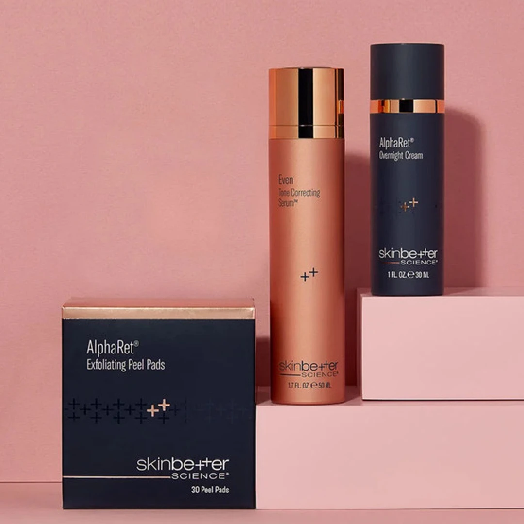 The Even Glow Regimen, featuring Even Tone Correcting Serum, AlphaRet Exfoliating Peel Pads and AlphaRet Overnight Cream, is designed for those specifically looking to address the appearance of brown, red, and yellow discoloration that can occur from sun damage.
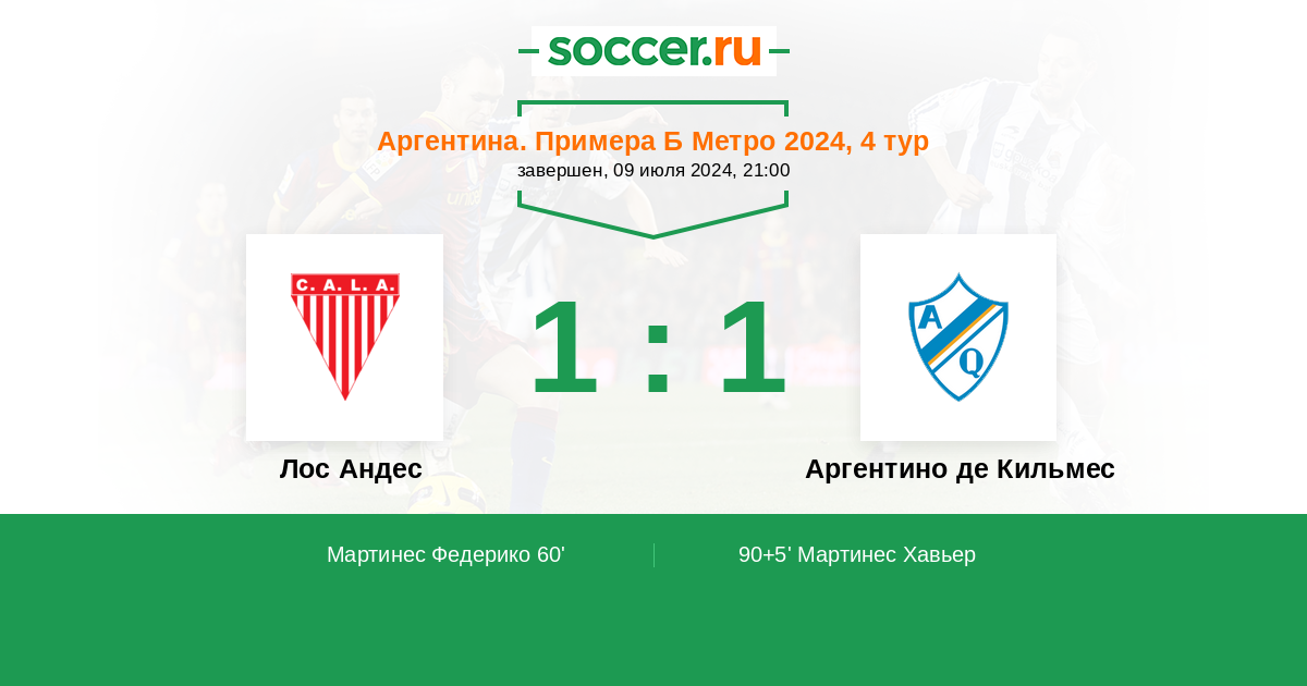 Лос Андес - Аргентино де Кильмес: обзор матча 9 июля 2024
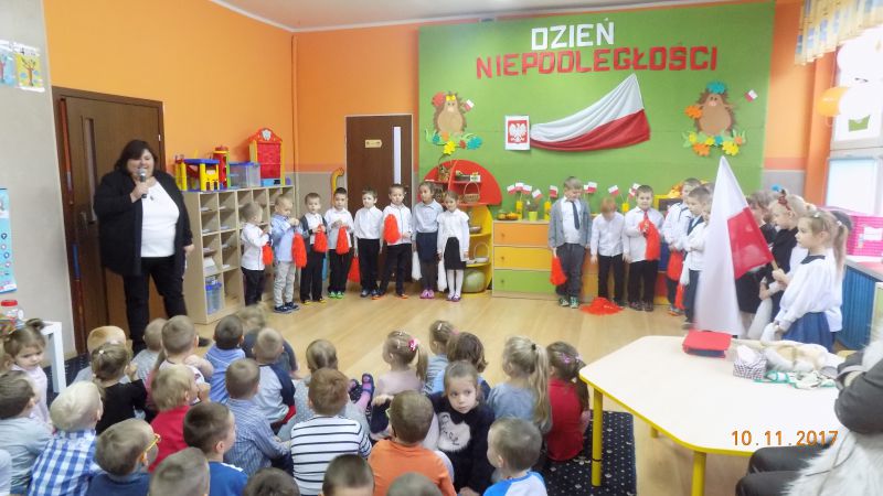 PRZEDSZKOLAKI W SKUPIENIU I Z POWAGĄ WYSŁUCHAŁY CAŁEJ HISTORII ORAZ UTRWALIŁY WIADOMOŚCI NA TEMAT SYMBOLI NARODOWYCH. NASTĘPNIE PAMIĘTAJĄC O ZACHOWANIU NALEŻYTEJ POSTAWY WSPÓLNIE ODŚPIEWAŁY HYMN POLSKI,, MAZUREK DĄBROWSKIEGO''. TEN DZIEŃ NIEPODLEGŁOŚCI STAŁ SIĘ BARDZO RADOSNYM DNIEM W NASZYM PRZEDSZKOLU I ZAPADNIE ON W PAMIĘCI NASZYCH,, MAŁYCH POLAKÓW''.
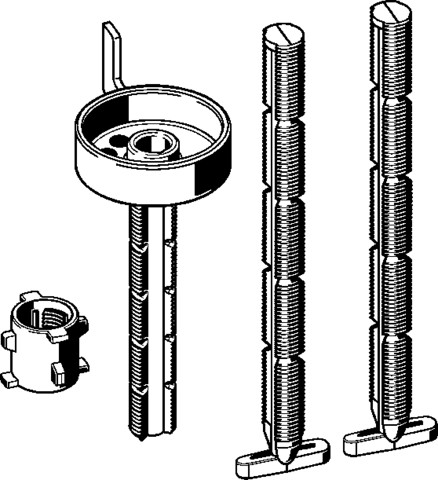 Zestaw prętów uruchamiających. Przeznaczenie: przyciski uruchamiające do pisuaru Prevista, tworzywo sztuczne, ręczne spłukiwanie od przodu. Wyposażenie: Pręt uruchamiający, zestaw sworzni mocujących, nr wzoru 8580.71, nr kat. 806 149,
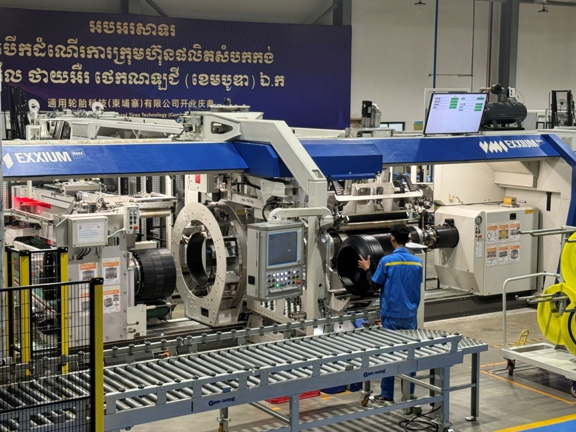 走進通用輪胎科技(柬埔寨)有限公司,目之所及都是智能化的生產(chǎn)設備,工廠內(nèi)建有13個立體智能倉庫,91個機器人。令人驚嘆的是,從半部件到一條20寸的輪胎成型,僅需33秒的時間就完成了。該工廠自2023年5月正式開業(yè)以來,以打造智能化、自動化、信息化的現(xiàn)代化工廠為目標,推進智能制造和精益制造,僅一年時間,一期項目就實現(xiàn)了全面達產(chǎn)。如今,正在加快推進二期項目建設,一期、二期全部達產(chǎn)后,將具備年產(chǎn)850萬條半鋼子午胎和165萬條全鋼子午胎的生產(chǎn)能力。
***
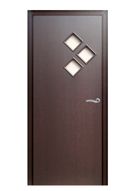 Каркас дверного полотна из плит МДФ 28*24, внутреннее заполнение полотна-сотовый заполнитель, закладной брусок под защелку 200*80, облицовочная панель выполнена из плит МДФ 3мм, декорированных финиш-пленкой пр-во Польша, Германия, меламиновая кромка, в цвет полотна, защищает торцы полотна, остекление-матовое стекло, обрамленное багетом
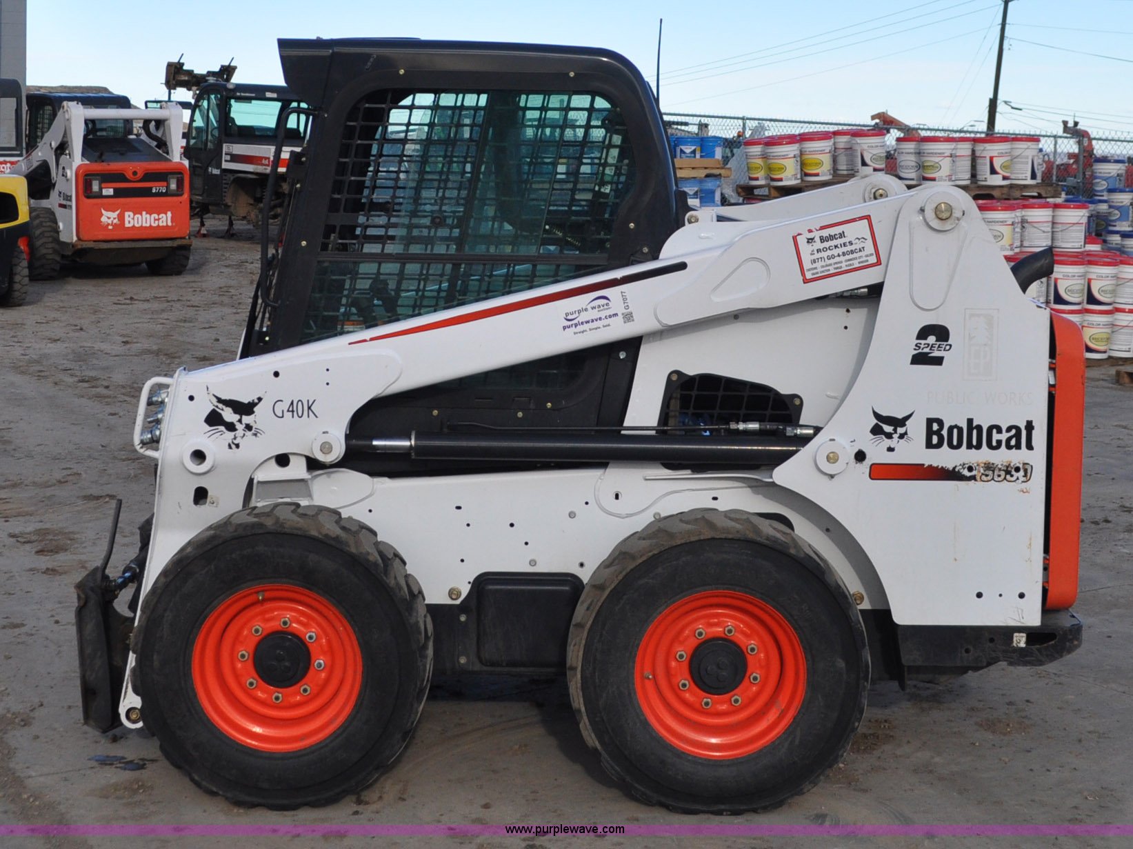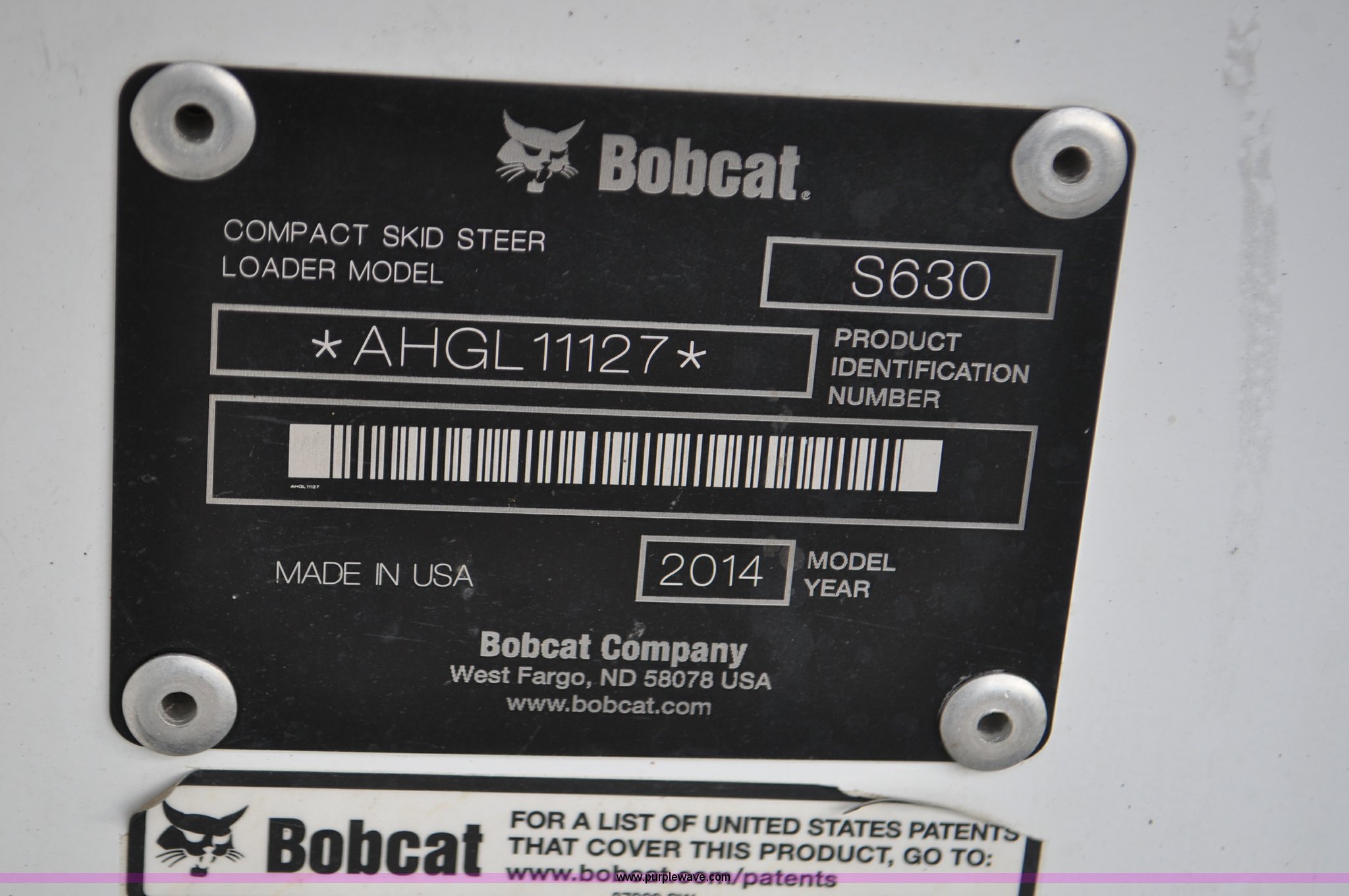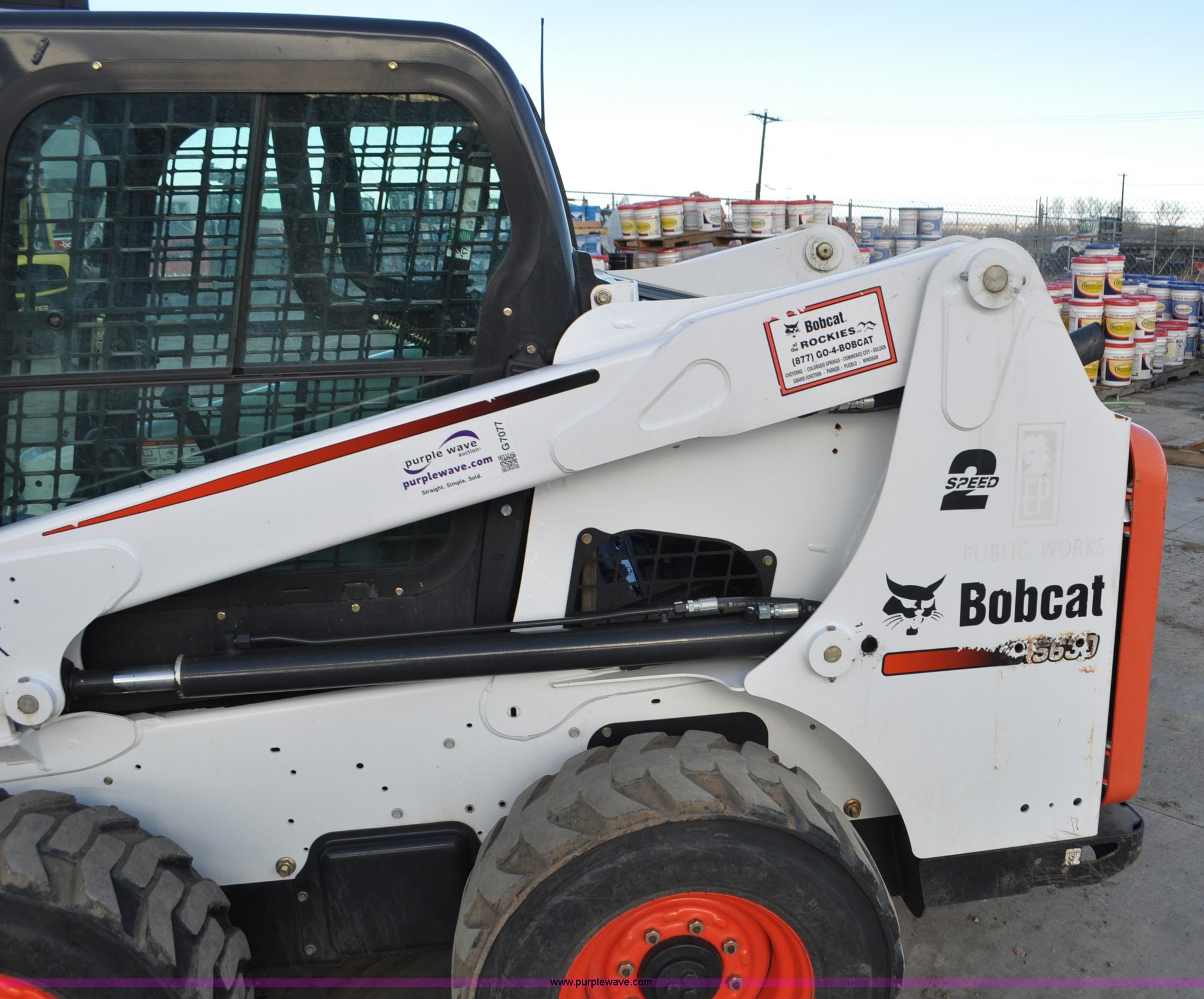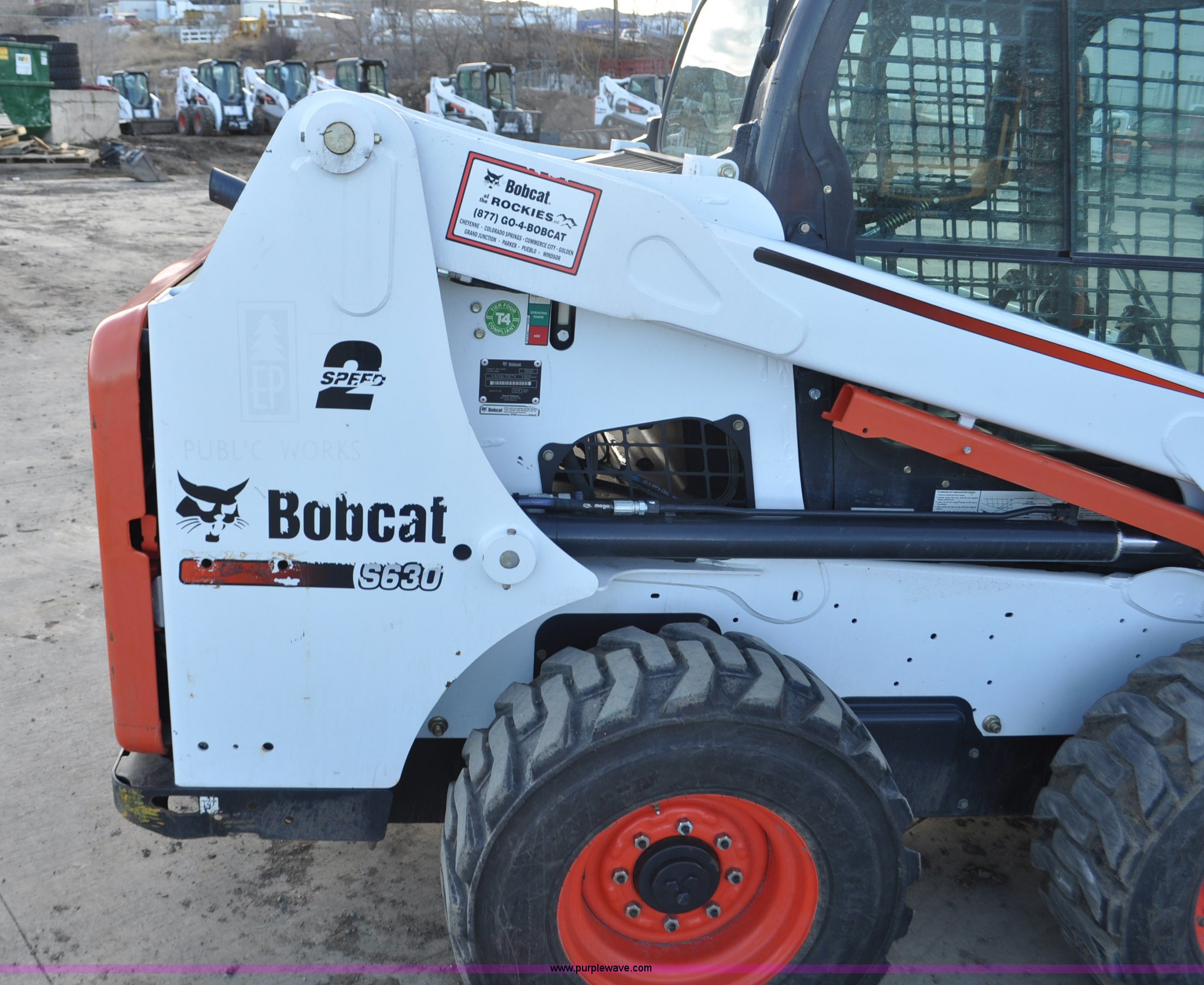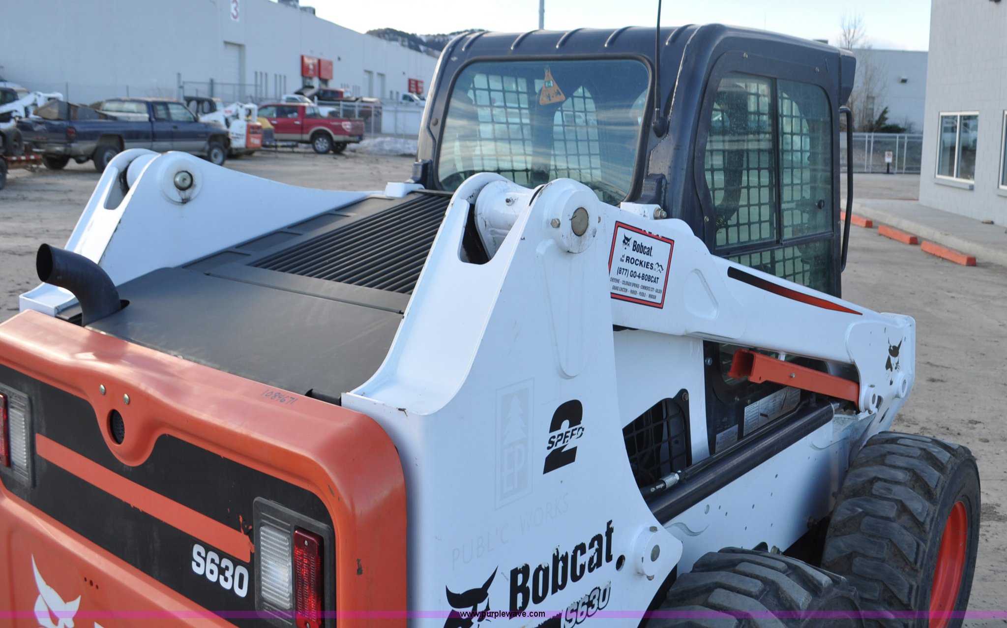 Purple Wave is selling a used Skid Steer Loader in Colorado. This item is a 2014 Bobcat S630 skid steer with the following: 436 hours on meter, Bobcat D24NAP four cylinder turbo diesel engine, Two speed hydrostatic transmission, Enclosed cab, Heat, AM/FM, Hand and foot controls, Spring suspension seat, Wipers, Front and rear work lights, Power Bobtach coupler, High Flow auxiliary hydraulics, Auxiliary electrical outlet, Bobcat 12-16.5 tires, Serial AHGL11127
***
Find where the line with "Zestaw prętów uruchamiających." sits in the material above and where the line with "走進通用輪胎科技(柬埔寨)有" sits. Set down exactly the lines from the first to the second, both included and nothing else, without pictures.

 Zestaw prętów uruchamiających. Przeznaczenie: przyciski uruchamiające do pisuaru Prevista, tworzywo sztuczne, ręczne spłukiwanie od przodu. Wyposażenie: Pręt uruchamiający, zestaw sworzni mocujących, nr wzoru 8580.71, nr kat. 806 149,
 走進通用輪胎科技(柬埔寨)有限公司,目之所及都是智能化的生產(chǎn)設備,工廠內(nèi)建有13個立體智能倉庫,91個機器人。令人驚嘆的是,從半部件到一條20寸的輪胎成型,僅需33秒的時間就完成了。該工廠自2023年5月正式開業(yè)以來,以打造智能化、自動化、信息化的現(xiàn)代化工廠為目標,推進智能制造和精益制造,僅一年時間,一期項目就實現(xiàn)了全面達產(chǎn)。如今,正在加快推進二期項目建設,一期、二期全部達產(chǎn)后,將具備年產(chǎn)850萬條半鋼子午胎和165萬條全鋼子午胎的生產(chǎn)能力。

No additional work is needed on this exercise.